Information provided>
☆ ☆ ☆ ☆

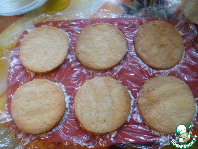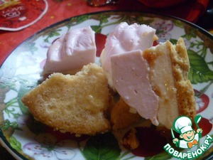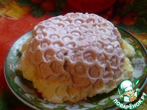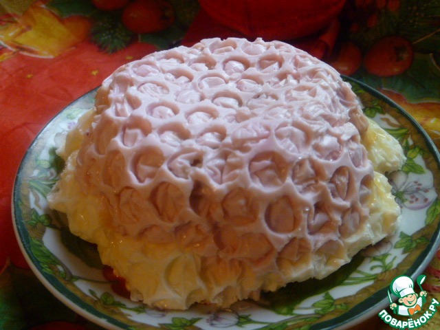 Затем снять верхнюю пленку, перевернуть на блюдо и снять внутреннюю пленку.
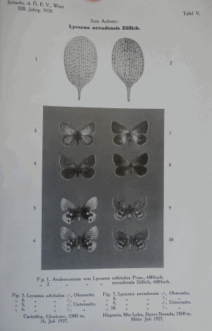 - Züllich, R. (1928): Lycaena nevadensis n. sp. — Zeitschrift des Österreichischen Entomologischen Vereins 13 (8): 73-75, pl. V.
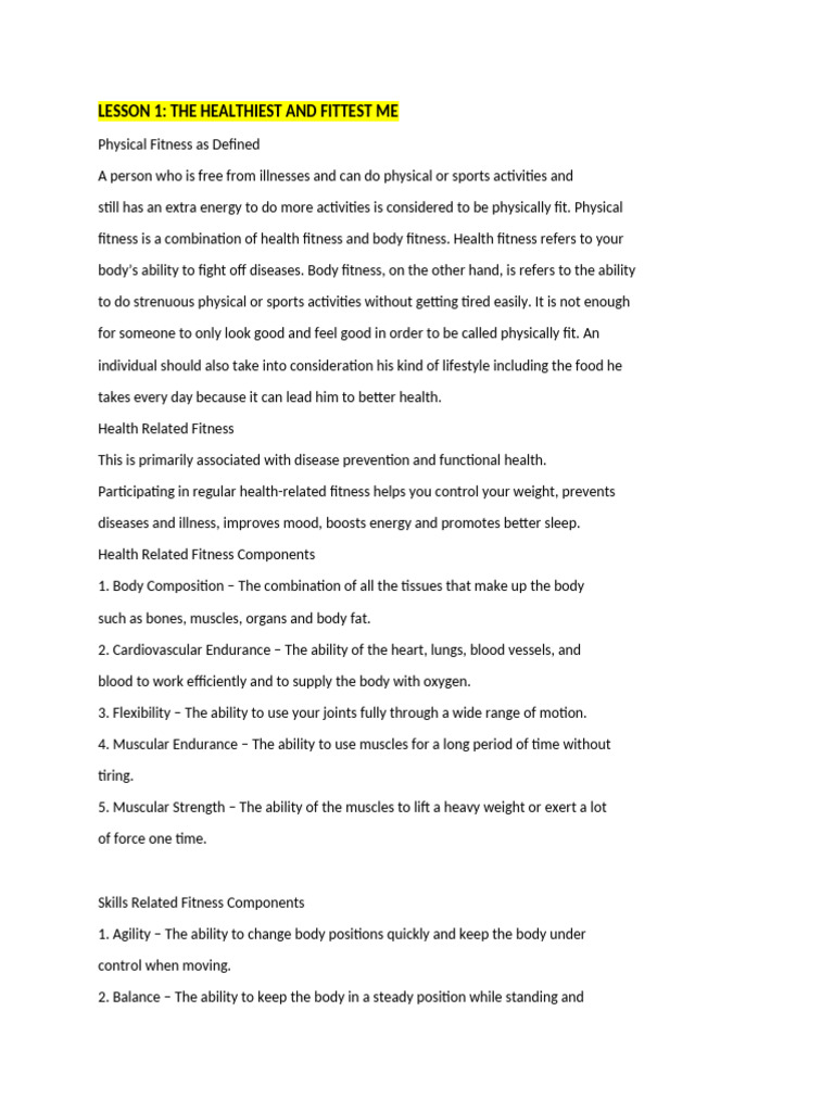 LESSON 1: THE HEALTHIEST AND FITTEST ME
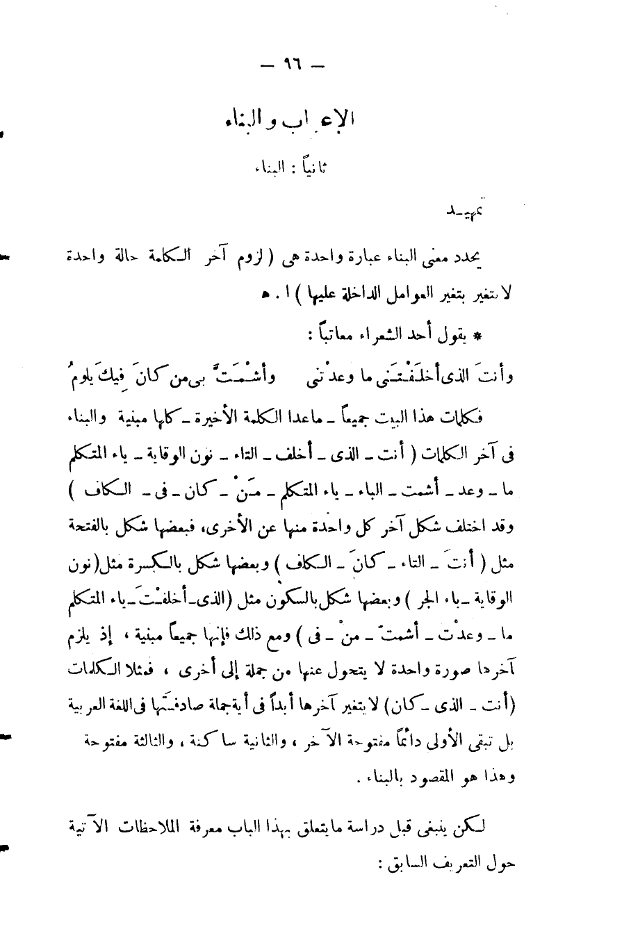 يحدد معنى البناء عبارة واحدة هي: "لزوم آخر الكلمة حالة واحدة لا تتغير بتغير العوامل الداخلة عليها" ا. هـ.

☆ ☆ ☆ ☆

Description of the task>
Where a line contains "- Züllich, R.", begin there and set down exactly each line through the end of the data above, omitting any pictures.

Exercise solution>
 - Züllich, R. (1928): Lycaena nevadensis n. sp. — Zeitschrift des Österreichischen Entomologischen Vereins 13 (8): 73-75, pl. V.
 LESSON 1: THE HEALTHIEST AND FITTEST ME
 يحدد معنى البناء عبارة واحدة هي: "لزوم آخر الكلمة حالة واحدة لا تتغير بتغير العوامل الداخلة عليها" ا. هـ.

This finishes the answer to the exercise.